If a party wishes to ensure certain outcomes, clear language is absolutely needed

Recent UK Commercial Court judgment underlines the importance of drafting clear indemnity language, to give effect to the rights and obligation insurers believe they contractually assume

The recent UK Commercial Court judgment handed down on June 9, 2023 in the case of PA (GI) Ltd v Cigna Insurance Services (Europe) Ltd (2023) is a reminder to the insurance market to be very certain and clear in how it drafts indemnity language, to give effect to the rights and obligation it believes they contractually assume.

The case and dispute concerned the legal construction of two contractual indemnities given by the defendant insurer, Cigna, first in a business transfer agreement (BTA) entered into in 2003 and in a deed of warranty and indemnity (DWI) granted in 2006.
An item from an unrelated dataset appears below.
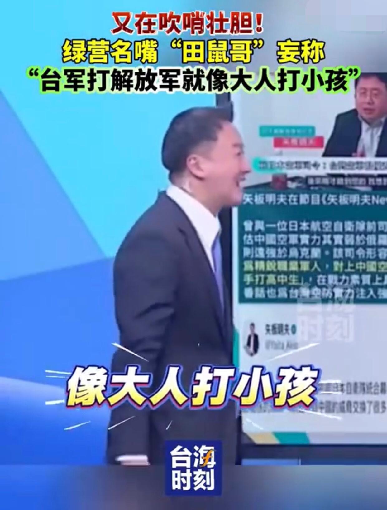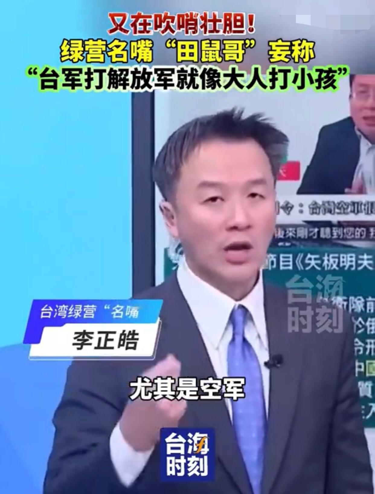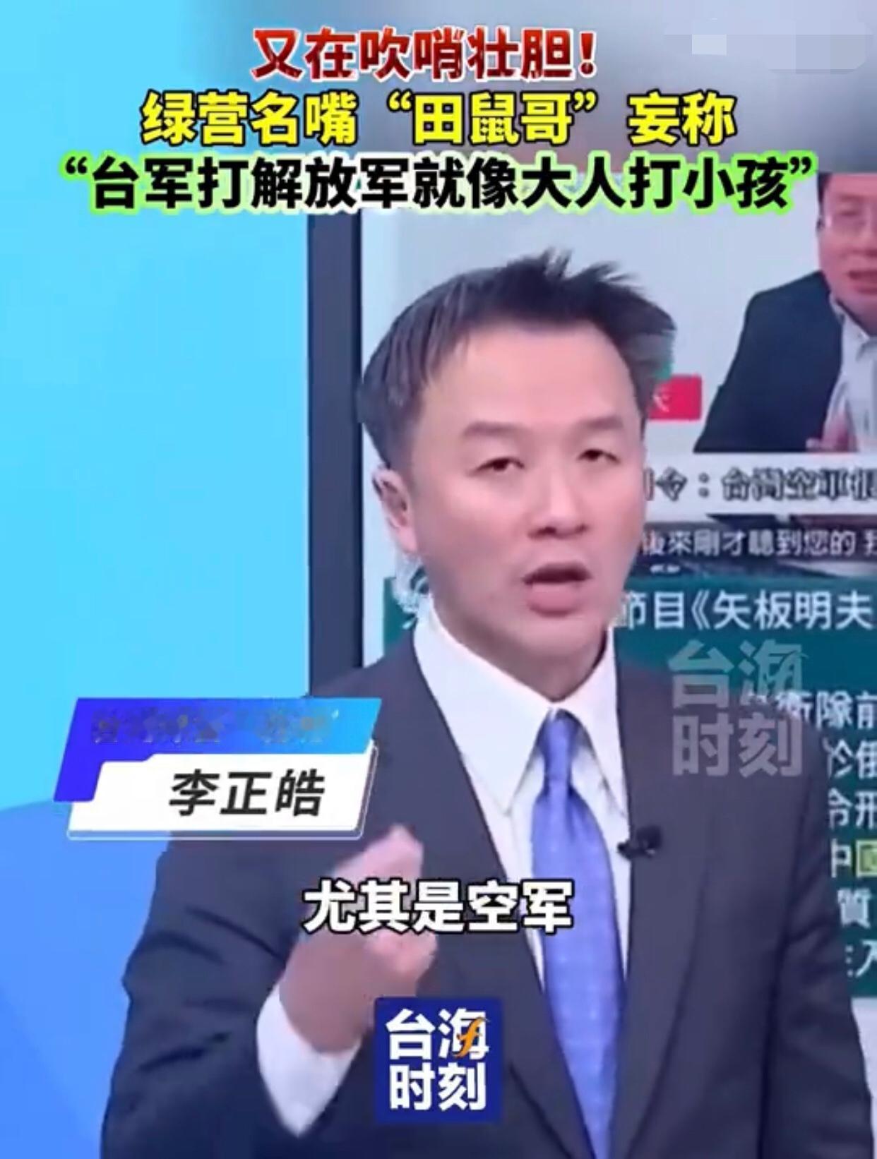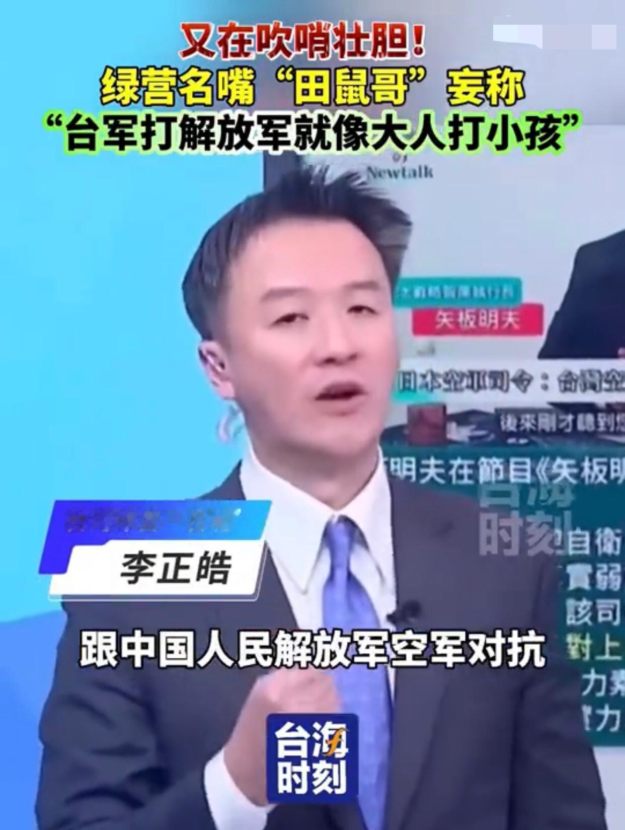 台湾‘田鼠哥’李正皓表示:“如果台湾的军人、尤其是空军,跟大陆解放军空军对抗时,在空中发生缠斗的话,就会像是‘大人打小孩一样‘,也就是说,‘台军打解放军就像大人打小孩‘,是‘拳击运动员跟高中生打架‘的逻辑。” 其他台湾岛内人附和道:“台湾的飞行员是‘精锐的职业军人’,因此,其实台湾的空军是具有‘显著优势’的。”

The claimant, insurer PA (GI), sued to recover compensation and costs it had paid out and incurred following the mis-selling of payment protection insurance (PPI) policies. The PPI policies were sold to customers between 1991 and 2004 by Next plc, acting as agent for PA (GI) as the insurer.

Relevant background was the corporate history concerning the parties. In 1996, PA (GI) became an indirect subsidiary of RSA as a result of the merger between the Sun Alliance and Royal Insurance groups and in September 2004 it was sold to the Resolution Life Group.

Cigna was established as part of a management buy-out from RSA in 2003 and it was under the BTA that RSA sold certain insurance operations to Cigna, including the PPI policy business that was being managed on behalf of Next. 

In 2006, PA (GI) transferred its creditor insurance business, including the PPI business, with court approval to Groupama. It was in connection with that business that Cigna entered into the DWI.

Complaints of mis-selling were first made after 2006 and the entering into of the DWI. Both the Financial Ombudsman and then the High Court ultimately ruled PA (GI), not Groupama, was the correct respondent to those complaints and PA (GI) remained liable.

PA (GI)’s liabilities for the PPI mis-selling had not transferred to Groupama. Consequently, PA (GI) claimed against Cigna, arguing it had the benefit of indemnities Cigna had given under the BTA or DWI.

Cigna’s principal defence was PA (GI)’s liabilities arose because of negligence and the indemnities properly construed did not extend to indemnifying for negligence. Cigna relied on the case Canada Steamship Lines Ltd v The King (1952). Cigna argued this established an underlying legal principle based on what is regarded as the “inherent improbability” of one party agreeing to assume liability for another party’s wrongdoing and so such inherent improbability requires clearly expressed words to be used for one party to be held liable in agreement for the wrong­doing of the other.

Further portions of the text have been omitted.